H13B-1077:
Precipitation Estimation from Remotely Sensed Data Using Deep Neural Networks

Monday, 15 December 2014
Yumeng Tao, Xiaogang Gao and Soroosh Sorooshian, Univ California Irvine, Irvine, CA, United States
Abstract:
This research develops a precipitation estimation system from remotely-sensed observations using state-of-the-art machine learning algorithms. Compared to ground-based precipitation measurements, satellite-based precipitation estimation products have advantages of temporal resolution and spatial coverage. Also, the massive amount of satellite data contains various measures related to precipitation formation and development.
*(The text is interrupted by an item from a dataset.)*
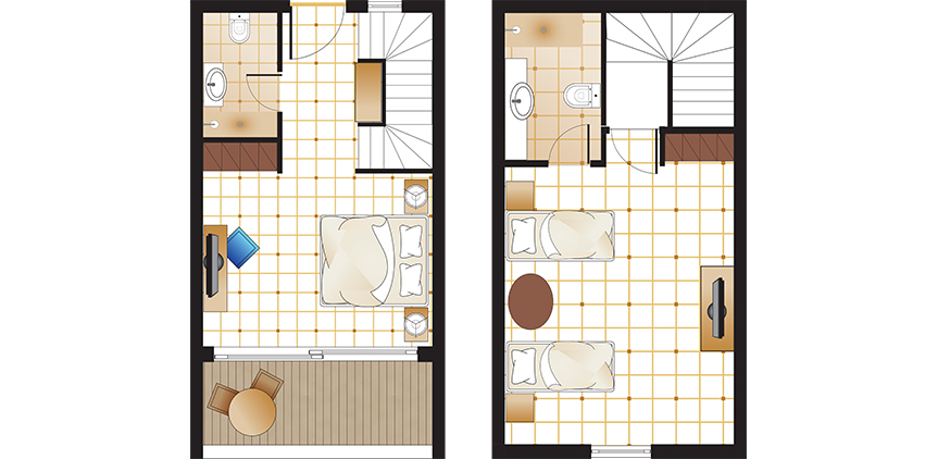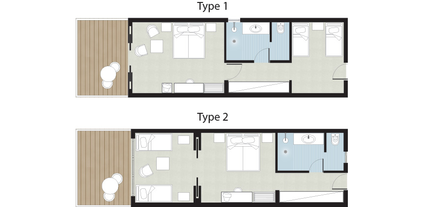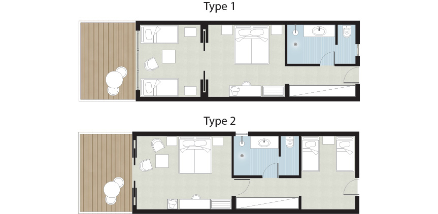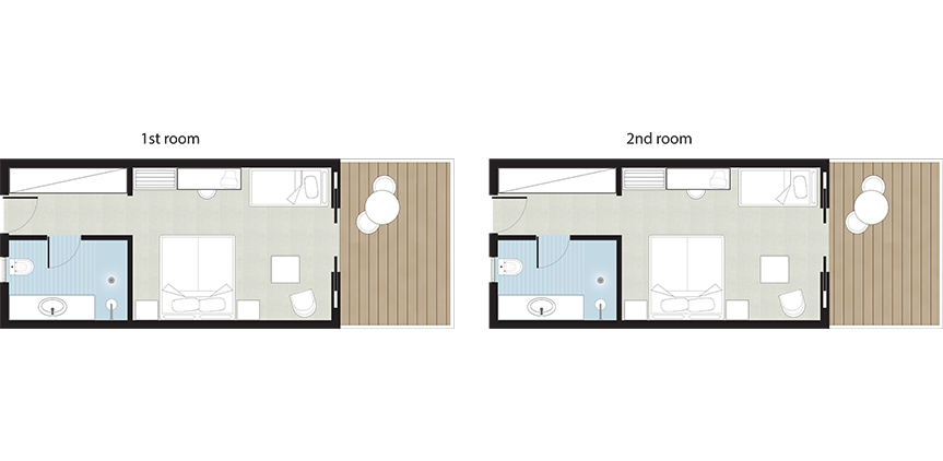 Номера расположены в бунгало на первом – втором (ground, 1st), рядом с пляжем, 2 спальни: двуспальная кровать king-size или 2 односпальные кровати, ванная комната с душем, балкон или терраса (3-5 м²), вид на море, см. план номера, см.фото номера;

On the other hand, deep learning algorithms were newly developed in the area of machine learning, which was a breakthrough to deal with large and complex dataset, especially to image data.
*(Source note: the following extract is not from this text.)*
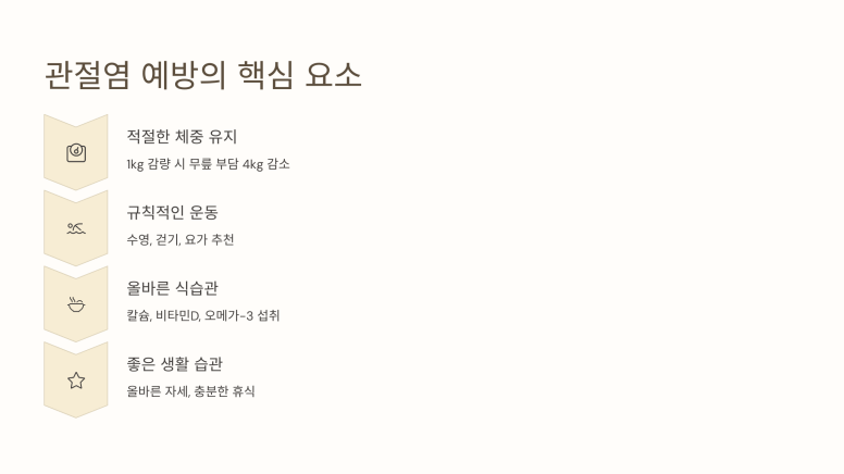 ๐ ์ ์ ํ ์ฒด์ค ์ ์ง๊ฐ ๊ฐ์ฅ ์ค์ํฉ๋๋ค. ์ฒด์ค์ด ์ฆ๊ฐํ ์๋ก ๊ด์ ์ ๋ถ๋ด์ด ์ปค์ง๊ณ ๊ด์ ์ผ ์ํ์ด ๋์์ง๋๋ค.

Here, we attempts to engage deep learning techniques to provide hourly precipitation estimation from long wave infrared data from operational geostationary weather satellites. The brightness temperature data from infrared data is considered to contain cloud information. Radar stage IV dataset is used as ground measurement for parameter calibration. Denoising stacked auto-encoders (DSAE) is applied here to build a 4-layer neural network with 1000 hidden nodes for each layer. DSAE involves two major steps: (1) greedily pre-training each layer as an auto-encoder using the outputs of previous trained hidden layer output starting from visible layer to initialize parameters; (2) fine-tuning the whole deep neural network with supervised criteria.
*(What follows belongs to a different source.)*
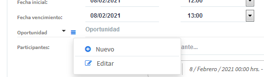 Ya en la tarea, si la tarea es nueva seleccionamos la Organización y el Contacto, luego en el campo Oportunidad, hacemos clic en el menú contextual y posteriormente en Nuevo

Rain/No-rain classification is dealt as the first step of precipitation estimation in this research. Our experiments show that deep neural networks outperform the classic approach originally used in developing the PERSIANN-CCS (Precipitation Estimation from Remotely Sensed Information using Artificial Neural Networks Cloud Classification System). In an experiment over a 3-month summer period focusing on the central U.S with hourly data, the proposed approach’s Probability of Detection (POD) increased to 0.433 as compared to PERSIANN-CCS value of 0.403 and decreased the False Alarm Ratio (FAR) to 0.606 as compared to 0.633 for the PERSIANN-CCS.